Department of Health, Kinesiology, and Recreation, University of Utah, Salt Lake City, Utah, United States of America.
Department of Physical Therapy and Athletic Training, University of Utah, Salt Lake City, Utah, United States of America.
PLoS One. 2020 Jun 26;15(6):e0235318. doi: 10.1371/journal.pone.0235318. eCollection 2020.
Magnitude-based inference (MBI) is a controversial statistical method that has been used in hundreds of papers in sports science despite criticism from statisticians. To better understand how this method has been applied in practice, we systematically reviewed 232 papers that used MBI. We extracted data on study design, sample size, and choice of MBI settings and parameters. Median sample size was 10 per group (interquartile range, IQR: 8-15) for multi-group studies and 14 (IQR: 10-24) for single-group studies; few studies reported a priori sample size calculations (15%). Authors predominantly applied MBI's default settings and chose "mechanistic/non-clinical" rather than "clinical" MBI even when testing clinical interventions (only 16 studies out of 232 used clinical MBI). Using these data, we can estimate the Type I error rates for the typical MBI study. Authors frequently made dichotomous claims about effects based on the MBI criterion of a "likely" effect and sometimes based on the MBI criterion of a "possible" effect. When the sample size is n = 8 to 15 per group, these inferences have Type I error rates of 12%-22% and 22%-45%, respectively. High Type I error rates were compounded by multiple testing: Authors reported results from a median of 30 tests related to outcomes; and few studies specified a primary outcome (14%). We conclude that MBI has promoted small studies, promulgated a "black box" approach to statistics, and led to numerous papers where the conclusions are not supported by the data. Amidst debates over the role of p-values and significance testing in science, MBI also provides an important natural experiment: we find no evidence that moving researchers away from p-values or null hypothesis significance testing makes them less prone to dichotomization or over-interpretation of findings.

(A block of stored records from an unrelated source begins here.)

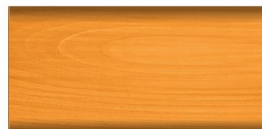
modrzew nr art. 2654
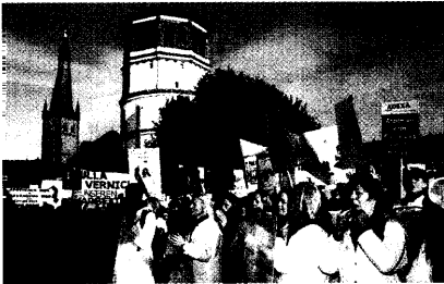
Rund 10 000 Apotheker, PTA und PKA aus vier Bundesländern demonstrierten auf dem Düsseldorfer Burgplatz gegen die Gesundheitsreform. Seite 8

Apothekerproteste: Wir sind keine Pillenverkäufer
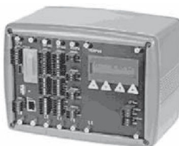
G4-RM DIN Rail Mount

Toutes les données indiquées peuvent être modifiées sans préavis. Toutes les mesures indiquées sont exprimées en millimètres (mm).
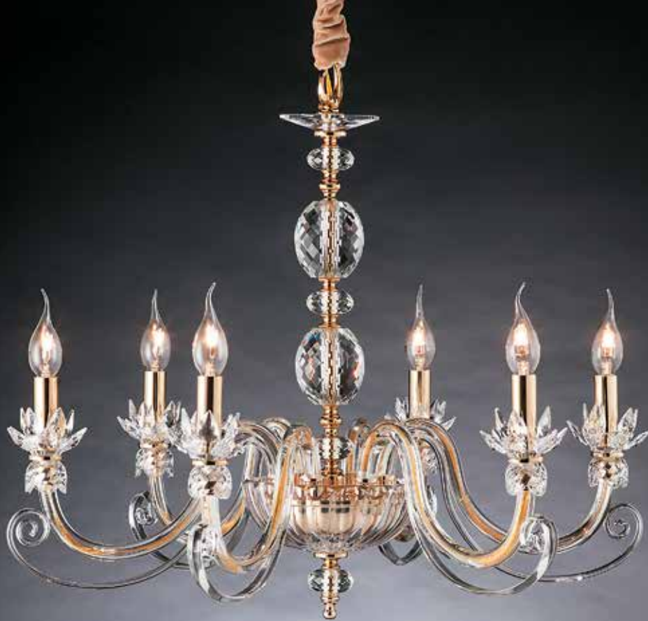
Rosetta/6 oro ø 70 H 60 disponibile cromo
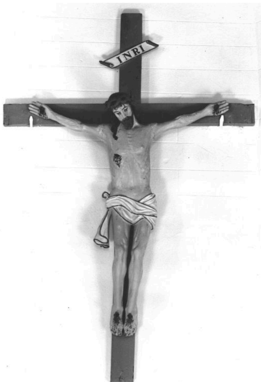
LA GRÉE SAINT-LAURENT, église paroissiale Saint-Laurent, croix Christ, vue générale.
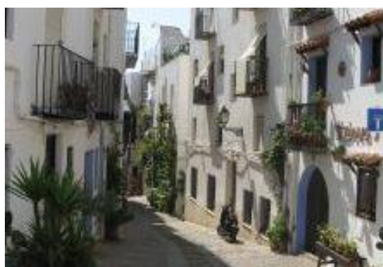
Les ruelles du village
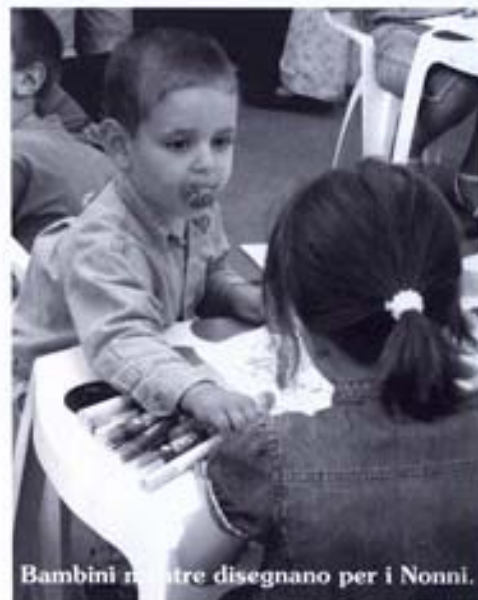
Bambini mentre disegnano per i Nonni.

Poesie, disegni e ... una canzone per la Festa dei Nonni 2006
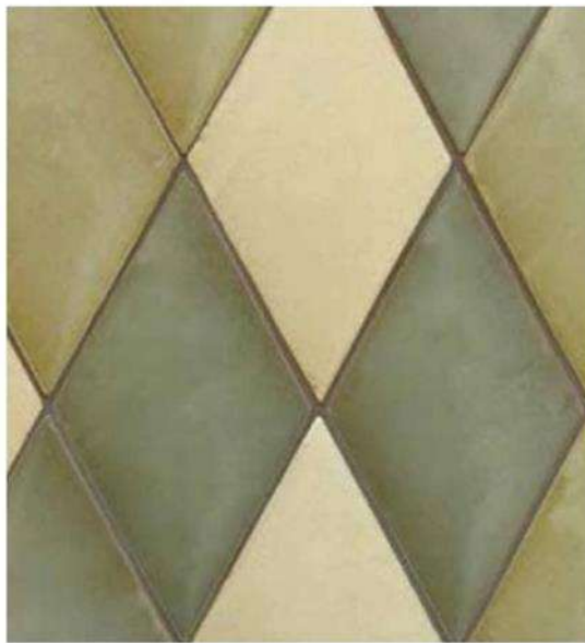
MONTECITO BLEND RHOMBOID
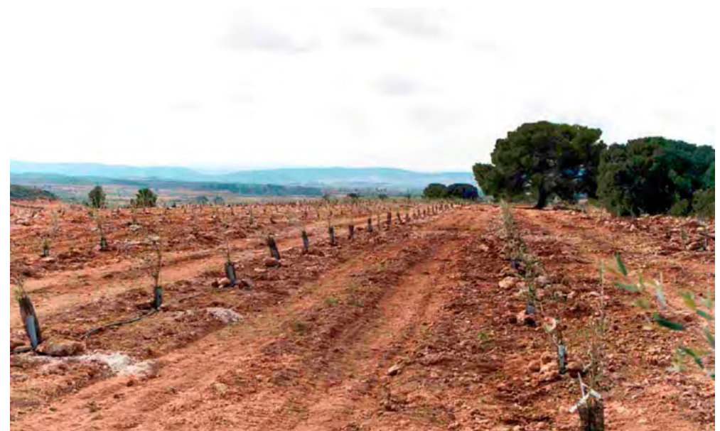
Plantación joven con protectores y riego localizado

El seguimiento de estas recomendaciones facilita el cumplimiento de:
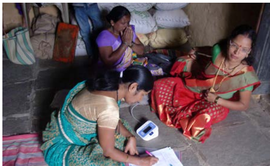
Figure 6. Mobilisation en faveur du dépistage du cancer dans une zone rurale, en Inde.

et coll., 2017 ; Sangrajrang et coll., 2017). L'étude thaïlandaise a également montré l'efficacité élevée de la cytologie en milieu liquide pour trier les femmes VPH-positives (Sangrajrang et coll., 2017). Par ailleurs, le Groupe SCR a
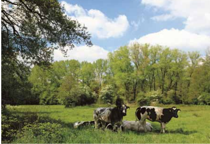
De Mortelen, Noord-Brabant
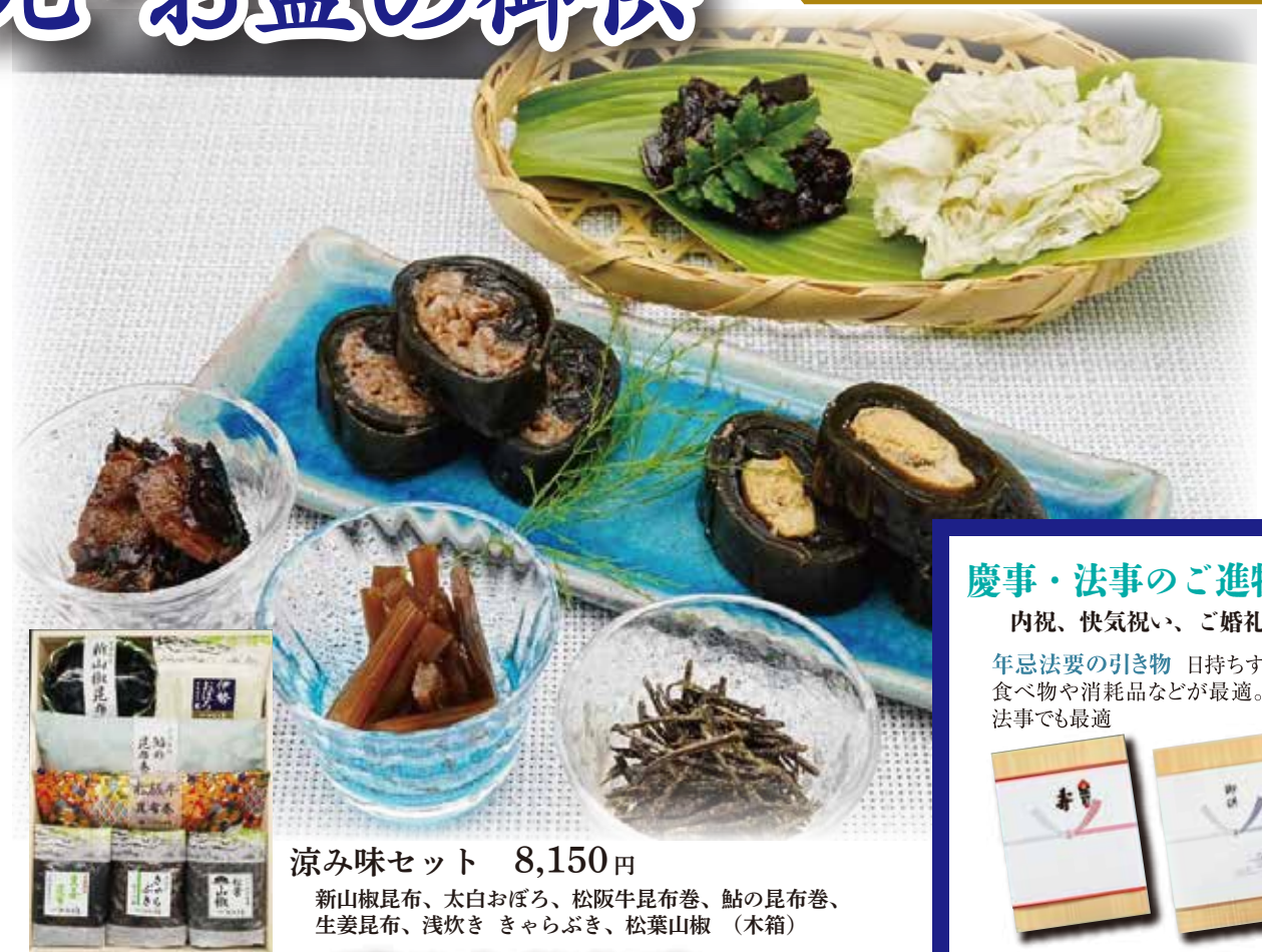
涼み味セット 8,150円 新山椒昆布、太白おぼろ、松阪牛昆布巻、鮎の昆布巻、生姜昆布、浅炊き きらぶき、松葉山椒 (木箱)

基于幅度的推断(MBI)是一种有争议的统计方法,尽管受到统计学家的批评,但它已在数百篇体育科学论文中得到应用。为了更好地了解该方法在实践中的应用情况,我们系统地回顾了 232 篇使用 MBI 的论文。我们提取了关于研究设计、样本量以及 MBI 设置和参数选择的数据。多组研究的中位数样本量为每组 10 个(四分位距,IQR:8-15),单组研究为 14 个(IQR:10-24);很少有研究报告了事先的样本量计算(15%)。作者主要应用 MBI 的默认设置,并选择“机械/非临床”而不是“临床”MBI,即使在测试临床干预时也是如此(232 篇论文中只有 16 篇使用了临床 MBI)。使用这些数据,我们可以估计典型 MBI 研究的Ⅰ型错误率。作者经常根据 MBI 标准的“可能”效应和基于 MBI 标准的“可能”效应做出关于效应的二分法结论。当样本量为每组 8-15 时,这些推断的Ⅰ型错误率分别为 12%-22%和 22%-45%。高Ⅰ型错误率是由多重检验造成的:作者报告了与结果相关的中位数为 30 个测试的结果;并且很少有研究指定了主要结果(14%)。我们得出结论,MBI 促进了小样本研究,推行了一种“黑箱”统计方法,并导致了大量结论与数据不支持的论文。在关于 p 值和显著性检验在科学中的作用的争论中,MBI 也提供了一个重要的自然实验:我们没有发现将研究人员从 p 值或零假设显著性检验中转移走会使他们不太倾向于二分法或过度解释发现的证据。